• _Given information_:
++++

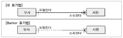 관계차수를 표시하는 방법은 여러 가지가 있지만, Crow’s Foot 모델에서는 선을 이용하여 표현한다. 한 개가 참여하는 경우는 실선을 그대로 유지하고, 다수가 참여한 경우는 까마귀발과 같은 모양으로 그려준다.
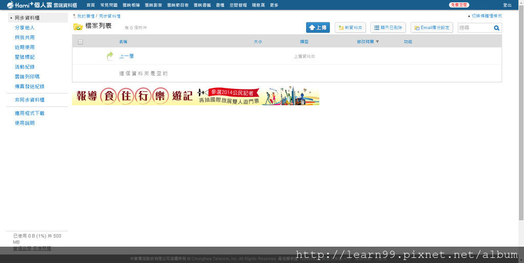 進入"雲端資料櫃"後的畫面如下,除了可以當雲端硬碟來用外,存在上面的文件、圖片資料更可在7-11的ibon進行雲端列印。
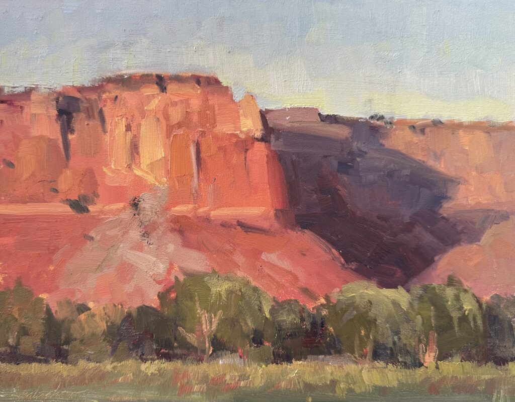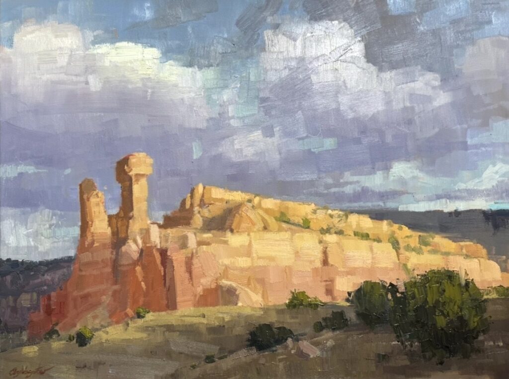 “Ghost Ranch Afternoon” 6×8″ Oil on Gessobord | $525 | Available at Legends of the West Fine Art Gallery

++++

• _Task_: Pictures are to be left out. Otherwise, copy the material above exactly.

• _Response to the task_:
 관계차수를 표시하는 방법은 여러 가지가 있지만, Crow’s Foot 모델에서는 선을 이용하여 표현한다. 한 개가 참여하는 경우는 실선을 그대로 유지하고, 다수가 참여한 경우는 까마귀발과 같은 모양으로 그려준다.
 進入"雲端資料櫃"後的畫面如下,除了可以當雲端硬碟來用外,存在上面的文件、圖片資料更可在7-11的ibon進行雲端列印。
 “Ghost Ranch Afternoon” 6×8″ Oil on Gessobord | $525 | Available at Legends of the West Fine Art Gallery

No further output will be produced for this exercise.